* [THE DATA]
════════════════

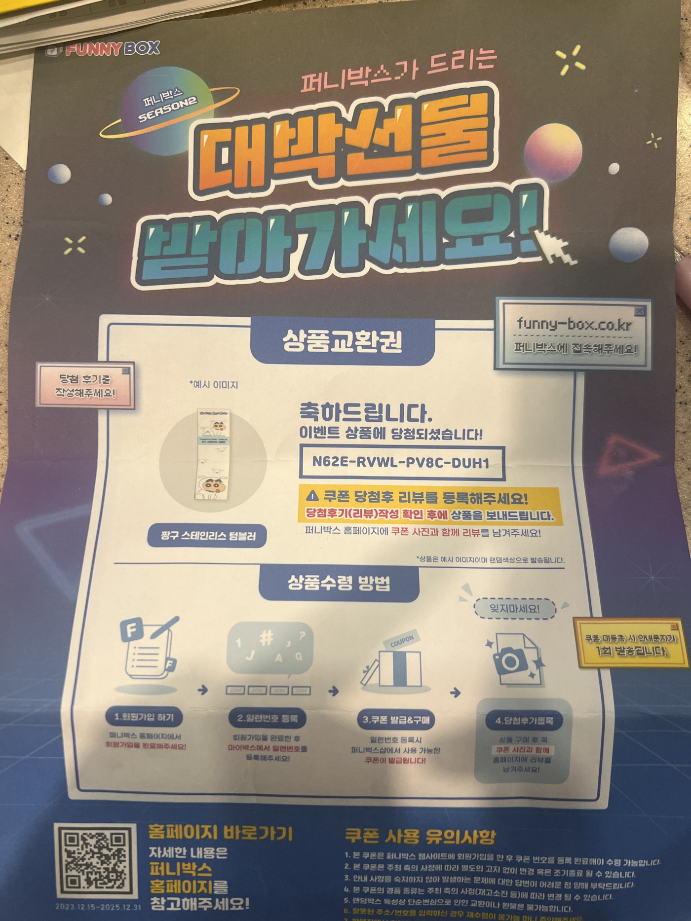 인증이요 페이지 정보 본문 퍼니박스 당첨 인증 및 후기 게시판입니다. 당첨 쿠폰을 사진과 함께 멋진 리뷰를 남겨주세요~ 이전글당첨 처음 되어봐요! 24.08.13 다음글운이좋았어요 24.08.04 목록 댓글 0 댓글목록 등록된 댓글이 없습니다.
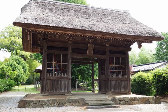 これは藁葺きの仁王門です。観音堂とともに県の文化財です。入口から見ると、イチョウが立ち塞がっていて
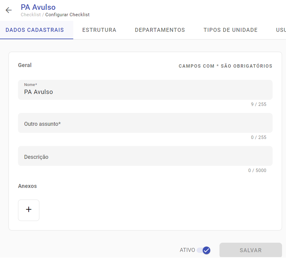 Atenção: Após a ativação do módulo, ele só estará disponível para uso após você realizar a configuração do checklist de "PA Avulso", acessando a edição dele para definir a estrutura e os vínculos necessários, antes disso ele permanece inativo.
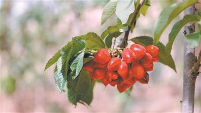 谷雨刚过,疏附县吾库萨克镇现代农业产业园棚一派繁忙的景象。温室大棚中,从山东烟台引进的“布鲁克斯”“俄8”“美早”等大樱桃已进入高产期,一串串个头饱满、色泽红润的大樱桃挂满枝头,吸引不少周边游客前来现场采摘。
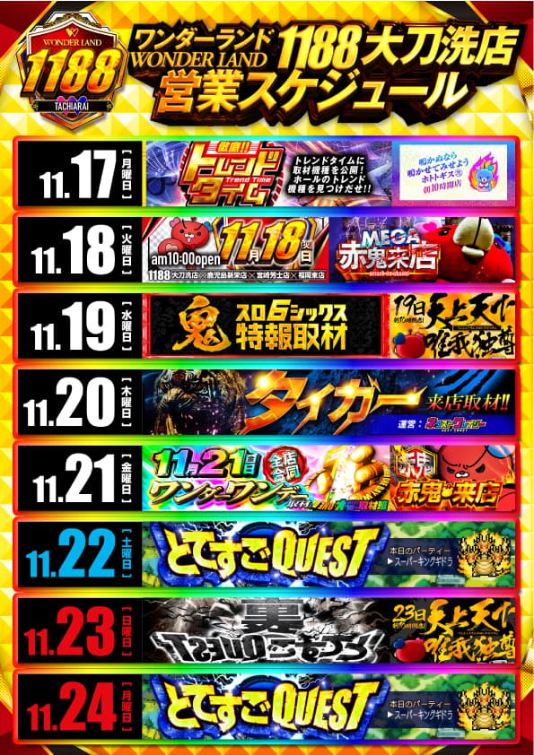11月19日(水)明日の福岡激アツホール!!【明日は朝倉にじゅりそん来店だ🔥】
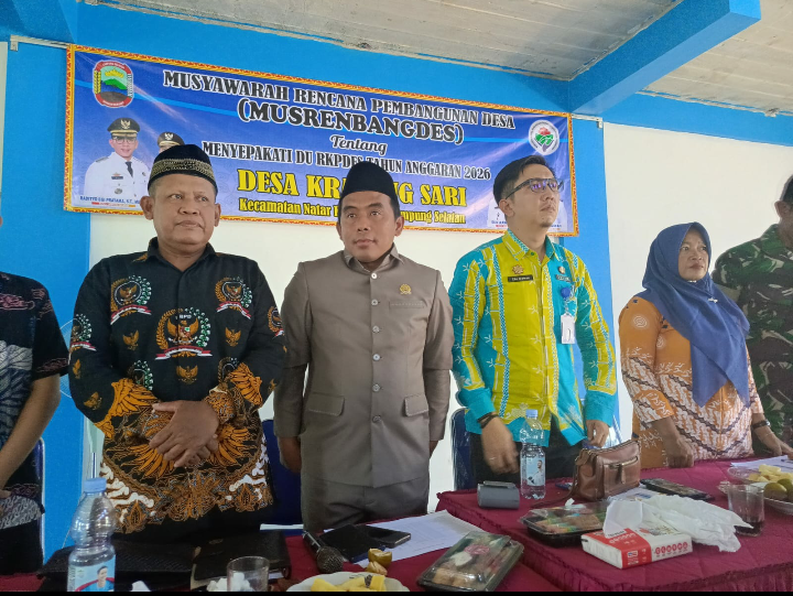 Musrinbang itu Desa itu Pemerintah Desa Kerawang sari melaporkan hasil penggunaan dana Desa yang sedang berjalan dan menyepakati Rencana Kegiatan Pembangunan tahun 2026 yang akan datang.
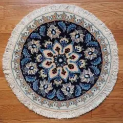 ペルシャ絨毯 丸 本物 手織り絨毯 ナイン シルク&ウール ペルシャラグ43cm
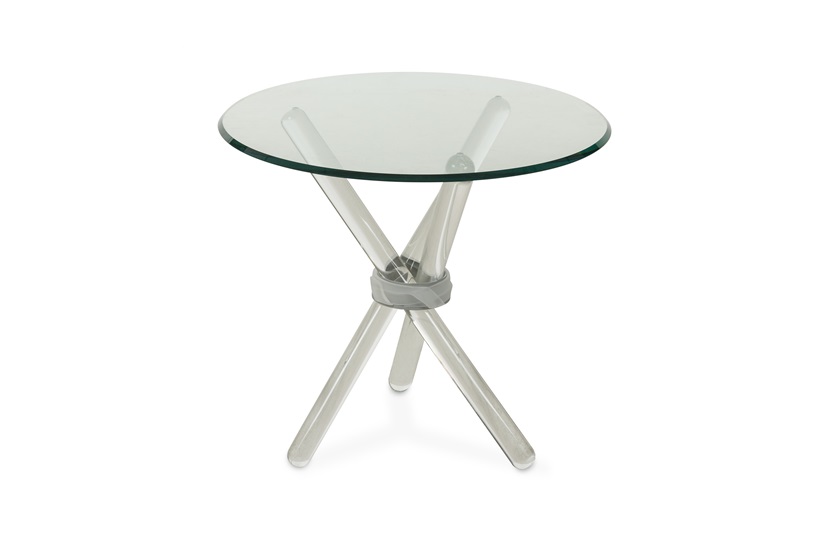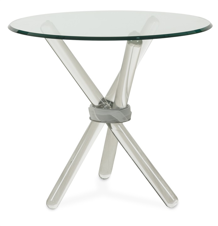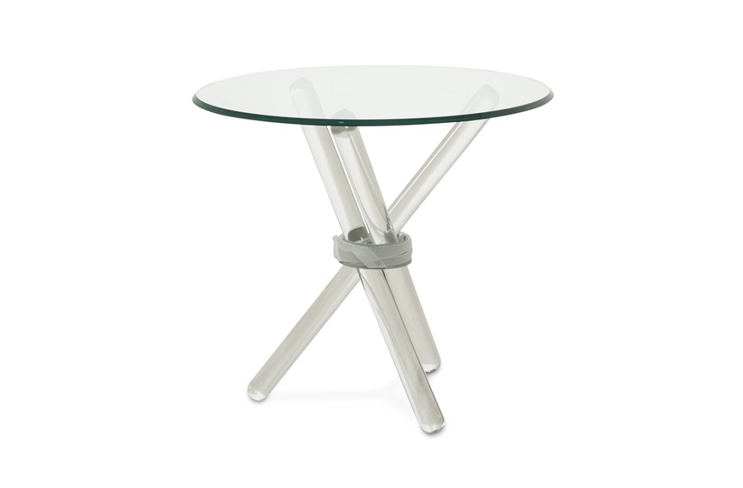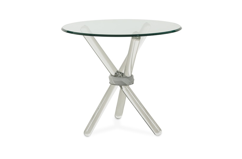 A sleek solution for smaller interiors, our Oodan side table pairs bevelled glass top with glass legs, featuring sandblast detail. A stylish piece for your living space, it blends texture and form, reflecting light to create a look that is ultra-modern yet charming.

════════════════

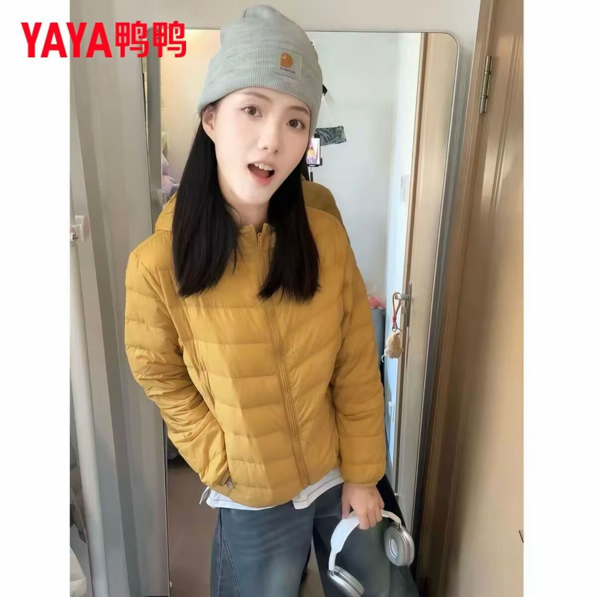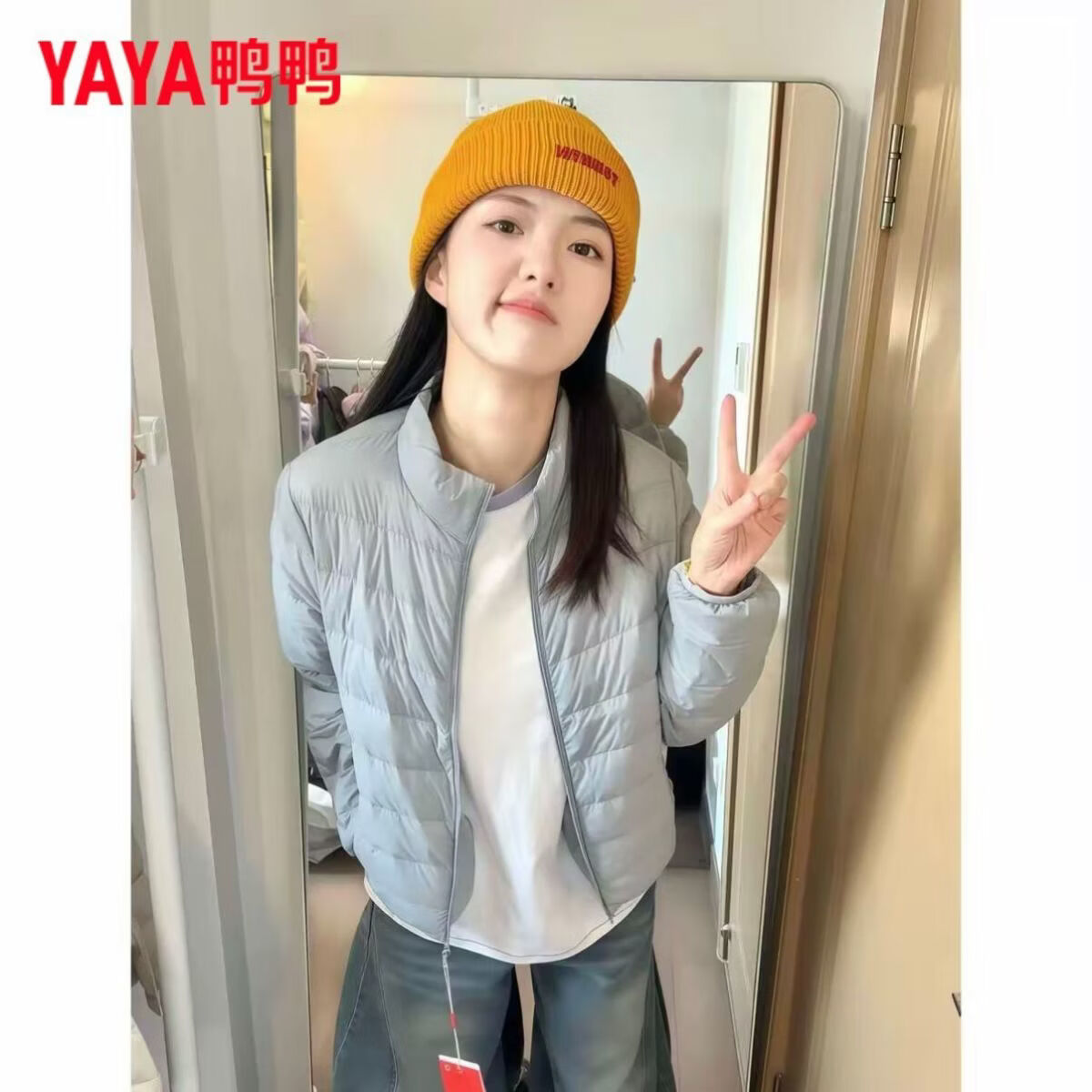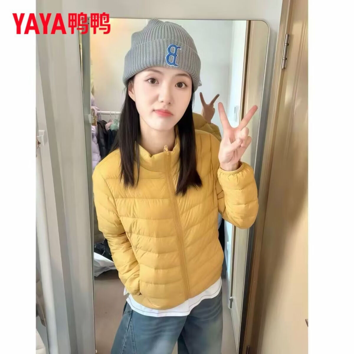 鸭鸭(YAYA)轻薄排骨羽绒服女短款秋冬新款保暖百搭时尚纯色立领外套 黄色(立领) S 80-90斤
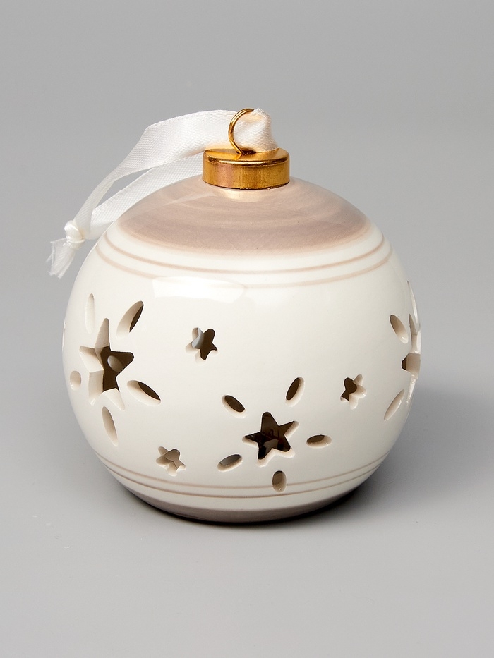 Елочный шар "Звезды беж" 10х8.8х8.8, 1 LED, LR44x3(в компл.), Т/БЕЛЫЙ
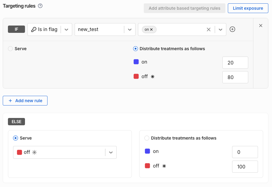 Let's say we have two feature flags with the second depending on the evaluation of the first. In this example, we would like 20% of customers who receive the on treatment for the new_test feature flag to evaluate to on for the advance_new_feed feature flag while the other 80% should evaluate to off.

════════════════

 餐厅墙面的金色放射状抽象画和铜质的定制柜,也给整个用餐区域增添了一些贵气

════════════════

* [ABOUT THIS TASK] Working from the data above, repeat exactly, and only, the lines that begin at the line containing "ペルシャ絨毯 丸 本物 手織り絨毯 ナイン シルク&ウール ペルシャラグ43cm" and stop after the line containing "A sleek solution"; pictures are not copied.

* [SOLUTION BELOW]
 ペルシャ絨毯 丸 本物 手織り絨毯 ナイン シルク&ウール ペルシャラグ43cm
 A sleek solution for smaller interiors, our Oodan side table pairs bevelled glass top with glass legs, featuring sandblast detail. A stylish piece for your living space, it blends texture and form, reflecting light to create a look that is ultra-modern yet charming.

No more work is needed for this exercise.